SOURCE DATA:
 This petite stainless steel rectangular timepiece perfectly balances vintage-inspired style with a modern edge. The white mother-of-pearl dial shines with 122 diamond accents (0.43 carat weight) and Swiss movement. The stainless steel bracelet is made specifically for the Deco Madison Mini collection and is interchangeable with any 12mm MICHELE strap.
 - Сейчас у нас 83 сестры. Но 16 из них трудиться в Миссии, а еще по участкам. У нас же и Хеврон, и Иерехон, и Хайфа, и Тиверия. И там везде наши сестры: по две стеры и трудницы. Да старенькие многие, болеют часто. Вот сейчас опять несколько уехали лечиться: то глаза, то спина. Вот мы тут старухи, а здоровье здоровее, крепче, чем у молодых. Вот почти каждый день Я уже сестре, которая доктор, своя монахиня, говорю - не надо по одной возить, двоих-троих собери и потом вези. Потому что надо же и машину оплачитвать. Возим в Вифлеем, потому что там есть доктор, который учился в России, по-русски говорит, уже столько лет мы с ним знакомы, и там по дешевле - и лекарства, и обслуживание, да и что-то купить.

---

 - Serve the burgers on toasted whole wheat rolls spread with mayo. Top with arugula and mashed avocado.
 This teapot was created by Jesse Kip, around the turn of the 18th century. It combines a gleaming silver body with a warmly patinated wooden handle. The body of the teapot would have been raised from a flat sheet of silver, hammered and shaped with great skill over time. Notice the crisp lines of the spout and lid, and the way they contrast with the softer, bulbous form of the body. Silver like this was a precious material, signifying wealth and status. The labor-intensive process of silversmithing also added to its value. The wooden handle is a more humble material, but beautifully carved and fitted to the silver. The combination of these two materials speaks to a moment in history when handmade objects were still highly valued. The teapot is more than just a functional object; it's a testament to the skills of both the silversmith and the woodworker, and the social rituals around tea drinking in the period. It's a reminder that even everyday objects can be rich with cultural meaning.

TASK PROMPT:
Your answer should consist of all lines above that include the string "This".

OUTPUT OF THE TASK:
 This petite stainless steel rectangular timepiece perfectly balances vintage-inspired style with a modern edge. The white mother-of-pearl dial shines with 122 diamond accents (0.43 carat weight) and Swiss movement. The stainless steel bracelet is made specifically for the Deco Madison Mini collection and is interchangeable with any 12mm MICHELE strap.
 This teapot was created by Jesse Kip, around the turn of the 18th century. It combines a gleaming silver body with a warmly patinated wooden handle. The body of the teapot would have been raised from a flat sheet of silver, hammered and shaped with great skill over time. Notice the crisp lines of the spout and lid, and the way they contrast with the softer, bulbous form of the body. Silver like this was a precious material, signifying wealth and status. The labor-intensive process of silversmithing also added to its value. The wooden handle is a more humble material, but beautifully carved and fitted to the silver. The combination of these two materials speaks to a moment in history when handmade objects were still highly valued. The teapot is more than just a functional object; it's a testament to the skills of both the silversmith and the woodworker, and the social rituals around tea drinking in the period. It's a reminder that even everyday objects can be rich with cultural meaning.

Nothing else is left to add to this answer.